The profile function described above (which uses Python’s inbuilt profiling) only reports time spent inside functions, but gives no information about how that time is spent. There is also an optional line-by-line profiling package available that gives information about how the time is spent inside one or two specific functions. So, for instance, if you have a function that does various operations on arrays, you can now see how long all those operations take relative to each other. That might allow you to identify a bottleneck in the function easily. (Note that before doing a line-by-line profile of a function, you should previously have identified that function as a bottleneck using the profiling function described earlier. Otherwise, optimizing the function will result in little performance gain overall.)
The line-by-line profiling package is not yet built by default. If you want to build it, execute the following from your Topographica directory:
$ make -C external line_profiler
Then, the easiest way to use the new package is to:
put the following two lines into ~/ipy_user_conf.py (in the main() function):
import line_profiler
ip.expose_magic('lprun',line_profiler.magic_lprun)
use %lprun from the Topographica prompt
To profile topo.base.cf.ConnectionField’s _create_input_sheet_slice() method while starting the lissom.ty script:
$ ./topographica
topo_t000000.00_c1>>> from topo.base.cf import ConnectionField
topo_t000000.00_c2>>> %lprun -f ConnectionField._create_input_sheet_slice execfile("examples/lissom.ty")

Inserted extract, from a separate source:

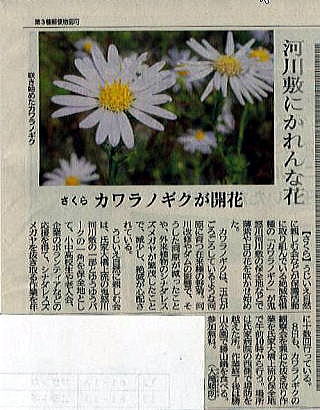 10月7日付の下野新聞に「河川敷にかれんな花」~カワラノギクが開花~として掲載されました。(転載許可済み)
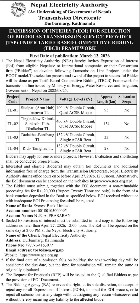 | 67 | NEA, Duhabi Grid Department | Tower Protection Works of Tower No. 820 (132 KV Transmission Line, Duhabi-Kusaha Section, Thalaha Khola, Gadhi, Sunsari) | 12/03/2026 | PPMO | 29/03/2026 | Click Here | |

To profile calling of topo.transferfn.HomeoStaticMaxEnt while Topographica is running:
$ ./topographica -i contrib/lesi.ty
topo_t000000.00_c1>>> from topo.transferfn import HomeostaticMaxEnt
topo_t000000.00_c2>>> %lprun -f HomeostaticMaxEnt.__call__ topo.sim.run(30)

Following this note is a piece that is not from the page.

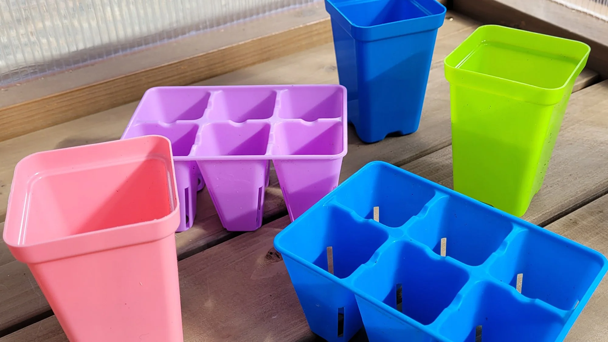 Colorful 6-cell inserts, 1020 tray with holes, and 1020 tray without holes from Bootstrap Farmer.

The output you get is something like this:
Timer unit: 1e-06 s
File: /disk/data1/workspace/v1cball/topographica/topo/transferfn/basic.py
Function: __call__ at line 749
Total time: 0.955004 s
Line Hits Time PerHit %Time Line Contents
================================================
749 def __call__(self,x):
750 450 13003 28.9 1.4 if self.first_call:
751 1 9 9.0 0.0 self.first_call = False
752 1 20 20.0 0.0 if self.a_init==None:
753 1 817 817.0 0.1 self.a = self.random_generator.uniform(low=10, high=20,size=x.shape)
754 else:
755 self.a = ones(x.shape, x.dtype.char) * self.a_init
756 1 27 27.0 0.0 if self.b_init==None:
757 1 411 411.0 0.0 self.b = self.random_generator.uniform(low=-8.0, high=-4.0,size=x.shape)
758 else:
759 self.b = ones(x.shape, x.dtype.char) * self.b_init
760 1 128 128.0 0.0 self.y_avg = zeros(x.shape, x.dtype.char)
761
762 # Apply sigmoid function to x, resulting in what Triesch calls y
763 450 88485 196.6 9.3 x_orig = copy.copy(x)
764
765 450 24277 53.9 2.5 x *= 0.0
766 450 662809 1472.9 69.4 x += 1.0 / (1.0 + exp(-(self.a*x_orig + self.b)))
767
768
769 450 5979 13.3 0.6 self.n_step += 1
770 450 34237 76.1 3.6 if self.n_step == self.step:
771 30 253 8.4 0.0 self.n_step = 0
772 30 654 21.8 0.1 if self.plastic:
773 30 19448 648.3 2.0 self.y_avg = (1.0-self.smoothing)*x + self.smoothing*self.y_avg
774
775 # Update a and b
776 30 65652 2188.4 6.9 self.a += self.eta * (1.0/self.a + x_orig - (2.0 + 1.0/self.mu)*...
777 30 38795 1293.2 4.1 self.b += self.eta * (1.0 - (2.0 + 1.0/self.mu)*x + x*x/self.mu)
From this output, you can see that 69.4% of the time is spent in line 766, which is thus the best place to start optimizing (e.g. by using a lookup table for the sigmoid function, in this case).